SOURCE MATERIAL =>
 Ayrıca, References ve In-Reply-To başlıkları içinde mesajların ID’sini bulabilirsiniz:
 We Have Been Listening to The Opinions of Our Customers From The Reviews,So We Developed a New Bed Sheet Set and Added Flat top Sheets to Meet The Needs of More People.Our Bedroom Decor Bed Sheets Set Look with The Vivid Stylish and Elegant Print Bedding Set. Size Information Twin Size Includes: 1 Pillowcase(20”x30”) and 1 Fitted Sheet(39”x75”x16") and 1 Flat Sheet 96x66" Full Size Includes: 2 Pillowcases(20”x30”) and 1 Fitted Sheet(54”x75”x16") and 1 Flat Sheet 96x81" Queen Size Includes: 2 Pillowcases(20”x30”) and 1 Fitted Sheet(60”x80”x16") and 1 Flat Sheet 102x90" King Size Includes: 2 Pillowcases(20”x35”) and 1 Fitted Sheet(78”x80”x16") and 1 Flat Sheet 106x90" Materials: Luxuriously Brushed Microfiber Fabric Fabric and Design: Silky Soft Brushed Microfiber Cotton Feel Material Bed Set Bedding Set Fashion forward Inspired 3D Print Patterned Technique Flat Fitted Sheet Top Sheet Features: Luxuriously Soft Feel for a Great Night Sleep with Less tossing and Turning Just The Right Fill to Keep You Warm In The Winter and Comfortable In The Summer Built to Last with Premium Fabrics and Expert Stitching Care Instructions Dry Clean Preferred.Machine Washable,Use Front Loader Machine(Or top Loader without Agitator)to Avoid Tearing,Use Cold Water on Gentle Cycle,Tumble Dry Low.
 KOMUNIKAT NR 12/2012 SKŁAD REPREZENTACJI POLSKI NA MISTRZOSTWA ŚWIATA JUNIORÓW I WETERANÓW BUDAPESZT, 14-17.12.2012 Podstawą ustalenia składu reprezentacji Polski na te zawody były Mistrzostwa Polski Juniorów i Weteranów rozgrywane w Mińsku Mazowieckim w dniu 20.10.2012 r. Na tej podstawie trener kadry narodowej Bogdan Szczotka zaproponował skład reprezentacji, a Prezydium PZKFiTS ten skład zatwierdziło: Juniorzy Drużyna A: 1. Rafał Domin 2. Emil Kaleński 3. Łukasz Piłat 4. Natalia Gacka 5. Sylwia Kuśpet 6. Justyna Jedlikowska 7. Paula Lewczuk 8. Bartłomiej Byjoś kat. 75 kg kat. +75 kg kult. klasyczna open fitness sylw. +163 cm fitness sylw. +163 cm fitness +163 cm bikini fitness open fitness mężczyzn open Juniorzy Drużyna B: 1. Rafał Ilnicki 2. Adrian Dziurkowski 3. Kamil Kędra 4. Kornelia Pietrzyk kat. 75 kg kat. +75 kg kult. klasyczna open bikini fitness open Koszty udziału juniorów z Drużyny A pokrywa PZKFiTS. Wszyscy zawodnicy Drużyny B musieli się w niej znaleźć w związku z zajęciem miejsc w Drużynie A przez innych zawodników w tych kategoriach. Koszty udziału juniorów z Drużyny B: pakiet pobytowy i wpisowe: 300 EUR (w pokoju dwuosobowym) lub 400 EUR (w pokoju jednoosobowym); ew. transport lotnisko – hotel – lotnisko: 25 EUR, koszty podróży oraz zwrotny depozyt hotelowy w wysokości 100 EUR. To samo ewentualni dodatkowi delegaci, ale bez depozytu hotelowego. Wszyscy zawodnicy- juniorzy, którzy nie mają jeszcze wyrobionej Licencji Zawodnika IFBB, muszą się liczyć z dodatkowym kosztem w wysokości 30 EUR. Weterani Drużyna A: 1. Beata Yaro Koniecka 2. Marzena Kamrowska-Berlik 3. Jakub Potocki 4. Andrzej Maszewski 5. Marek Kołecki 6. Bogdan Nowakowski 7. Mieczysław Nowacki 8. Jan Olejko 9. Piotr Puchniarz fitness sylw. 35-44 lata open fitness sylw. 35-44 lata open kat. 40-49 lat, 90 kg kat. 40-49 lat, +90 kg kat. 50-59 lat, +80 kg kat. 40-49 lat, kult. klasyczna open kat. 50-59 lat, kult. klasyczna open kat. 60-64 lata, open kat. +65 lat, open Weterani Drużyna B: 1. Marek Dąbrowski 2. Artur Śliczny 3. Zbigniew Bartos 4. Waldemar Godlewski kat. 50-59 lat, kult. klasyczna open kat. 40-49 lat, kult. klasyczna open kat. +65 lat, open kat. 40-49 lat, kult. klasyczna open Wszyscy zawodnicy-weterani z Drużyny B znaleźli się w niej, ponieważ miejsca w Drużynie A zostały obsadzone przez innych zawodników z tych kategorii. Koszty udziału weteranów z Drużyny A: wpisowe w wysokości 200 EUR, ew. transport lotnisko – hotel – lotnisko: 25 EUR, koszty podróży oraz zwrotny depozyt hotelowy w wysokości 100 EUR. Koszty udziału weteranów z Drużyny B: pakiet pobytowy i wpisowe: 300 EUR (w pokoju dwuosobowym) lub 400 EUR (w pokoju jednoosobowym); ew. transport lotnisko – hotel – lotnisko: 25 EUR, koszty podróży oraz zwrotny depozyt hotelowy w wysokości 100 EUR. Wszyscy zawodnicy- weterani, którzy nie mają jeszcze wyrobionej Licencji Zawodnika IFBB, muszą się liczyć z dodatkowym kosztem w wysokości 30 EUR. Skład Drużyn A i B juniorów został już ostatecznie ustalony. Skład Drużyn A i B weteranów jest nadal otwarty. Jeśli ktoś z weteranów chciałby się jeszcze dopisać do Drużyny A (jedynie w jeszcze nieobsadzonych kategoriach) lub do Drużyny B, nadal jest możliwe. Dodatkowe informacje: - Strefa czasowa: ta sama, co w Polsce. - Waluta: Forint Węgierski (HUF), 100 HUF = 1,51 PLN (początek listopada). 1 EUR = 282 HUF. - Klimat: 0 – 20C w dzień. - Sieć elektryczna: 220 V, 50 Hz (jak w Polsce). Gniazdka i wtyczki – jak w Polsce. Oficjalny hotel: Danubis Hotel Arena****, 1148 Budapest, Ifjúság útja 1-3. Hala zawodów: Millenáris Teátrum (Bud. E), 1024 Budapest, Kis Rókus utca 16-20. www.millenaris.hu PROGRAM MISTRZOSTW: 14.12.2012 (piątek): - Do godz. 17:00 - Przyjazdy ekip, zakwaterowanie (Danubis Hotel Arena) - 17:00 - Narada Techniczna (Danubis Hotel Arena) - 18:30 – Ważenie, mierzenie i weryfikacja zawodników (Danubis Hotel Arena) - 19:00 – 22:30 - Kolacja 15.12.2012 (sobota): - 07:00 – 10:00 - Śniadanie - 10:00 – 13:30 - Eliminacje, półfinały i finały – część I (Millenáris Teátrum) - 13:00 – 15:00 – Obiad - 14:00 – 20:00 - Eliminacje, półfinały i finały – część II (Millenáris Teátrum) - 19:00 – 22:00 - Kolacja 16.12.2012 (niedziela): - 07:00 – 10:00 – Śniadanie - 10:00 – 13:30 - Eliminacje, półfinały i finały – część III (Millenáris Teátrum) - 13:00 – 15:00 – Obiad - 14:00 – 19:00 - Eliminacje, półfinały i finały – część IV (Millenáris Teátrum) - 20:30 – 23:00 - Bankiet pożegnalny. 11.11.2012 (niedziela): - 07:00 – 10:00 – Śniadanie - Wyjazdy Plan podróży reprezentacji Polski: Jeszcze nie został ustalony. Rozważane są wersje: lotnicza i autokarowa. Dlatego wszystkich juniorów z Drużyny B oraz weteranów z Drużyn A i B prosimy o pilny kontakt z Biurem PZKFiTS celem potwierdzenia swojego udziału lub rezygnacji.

* * *

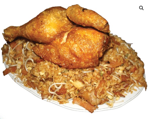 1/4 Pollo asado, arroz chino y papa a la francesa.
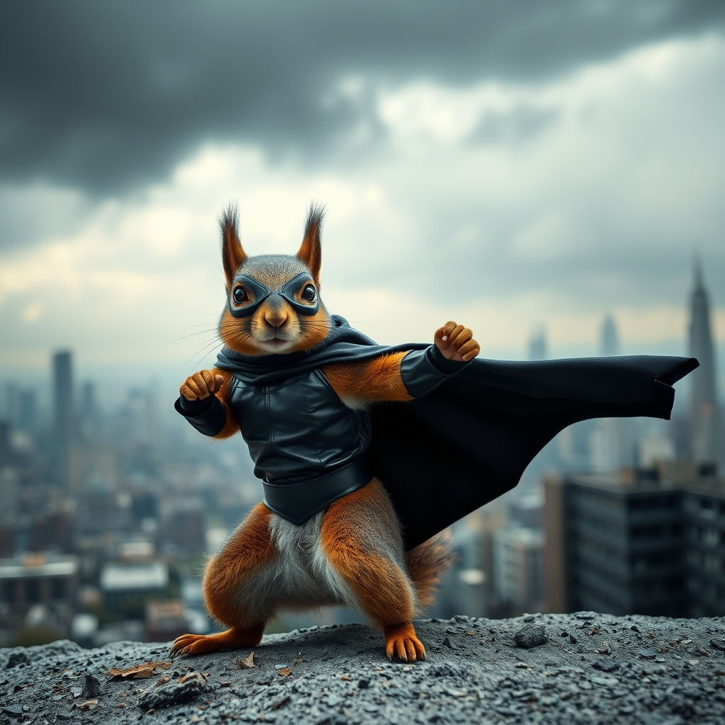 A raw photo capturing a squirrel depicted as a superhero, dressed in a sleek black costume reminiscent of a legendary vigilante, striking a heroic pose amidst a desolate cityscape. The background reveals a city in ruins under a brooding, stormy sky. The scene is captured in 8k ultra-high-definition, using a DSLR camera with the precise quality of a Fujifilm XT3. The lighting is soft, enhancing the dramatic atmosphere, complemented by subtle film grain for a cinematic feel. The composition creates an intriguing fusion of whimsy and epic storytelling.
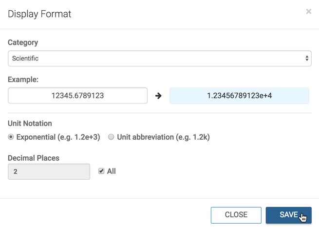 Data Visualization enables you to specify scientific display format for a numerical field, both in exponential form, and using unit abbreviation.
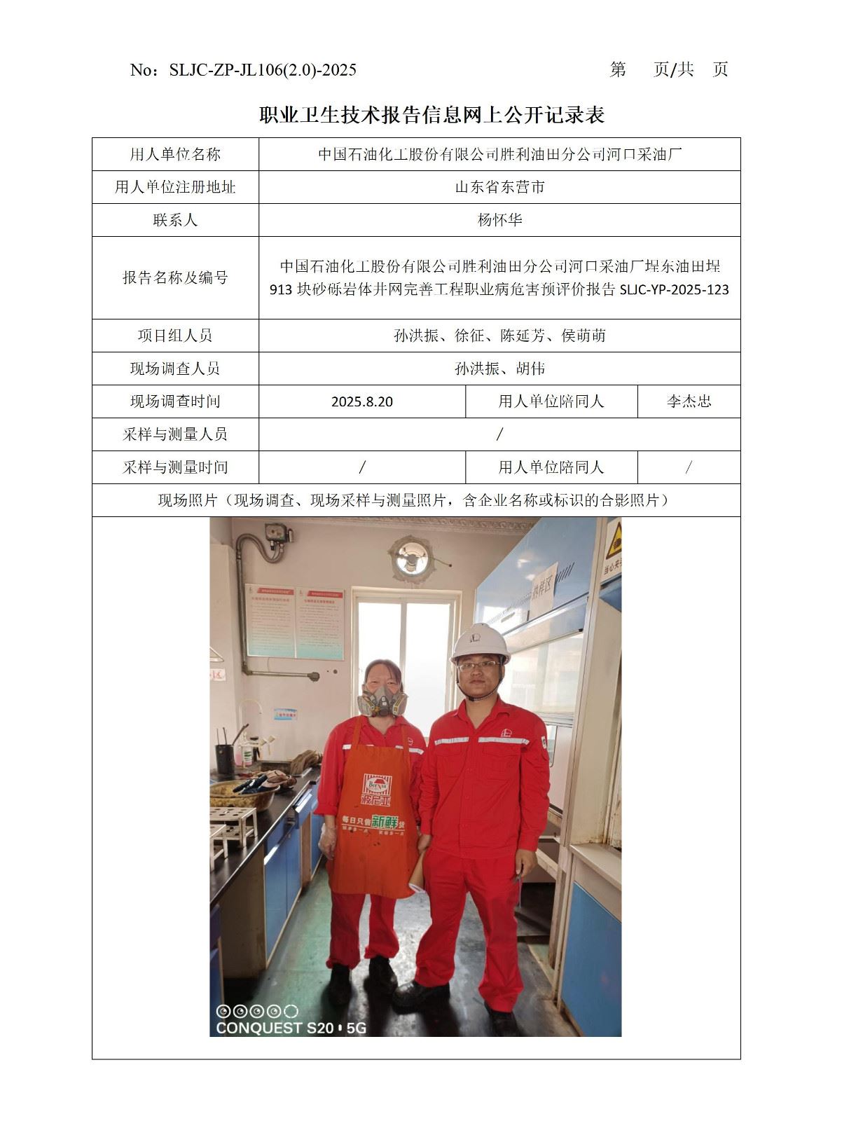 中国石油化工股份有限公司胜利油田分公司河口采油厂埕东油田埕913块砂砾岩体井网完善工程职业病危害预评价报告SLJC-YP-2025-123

...

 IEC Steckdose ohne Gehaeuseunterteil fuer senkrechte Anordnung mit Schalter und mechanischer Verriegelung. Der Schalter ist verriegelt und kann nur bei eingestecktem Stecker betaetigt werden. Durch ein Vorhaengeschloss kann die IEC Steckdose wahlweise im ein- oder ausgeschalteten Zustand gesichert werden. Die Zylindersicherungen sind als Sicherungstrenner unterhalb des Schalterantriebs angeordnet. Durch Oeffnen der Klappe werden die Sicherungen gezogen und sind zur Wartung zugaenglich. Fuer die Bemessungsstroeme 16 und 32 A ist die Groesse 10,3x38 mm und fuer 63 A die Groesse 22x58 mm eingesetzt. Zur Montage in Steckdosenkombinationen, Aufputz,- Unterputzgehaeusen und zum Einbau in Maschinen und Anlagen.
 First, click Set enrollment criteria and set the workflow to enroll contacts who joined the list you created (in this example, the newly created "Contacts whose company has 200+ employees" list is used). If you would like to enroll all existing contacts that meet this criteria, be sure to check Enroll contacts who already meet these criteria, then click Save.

DESCRIPTION OF THE TASK => Could you write out exactly the lines of the data above that run from the one holding "Data Visualization enables" to the one holding "中国石油化工股份有限公司胜利", with both ends in and all pictures out?

WRITTEN RESPONSE =>
 Data Visualization enables you to specify scientific display format for a numerical field, both in exponential form, and using unit abbreviation.
 中国石油化工股份有限公司胜利油田分公司河口采油厂埕东油田埕913块砂砾岩体井网完善工程职业病危害预评价报告SLJC-YP-2025-123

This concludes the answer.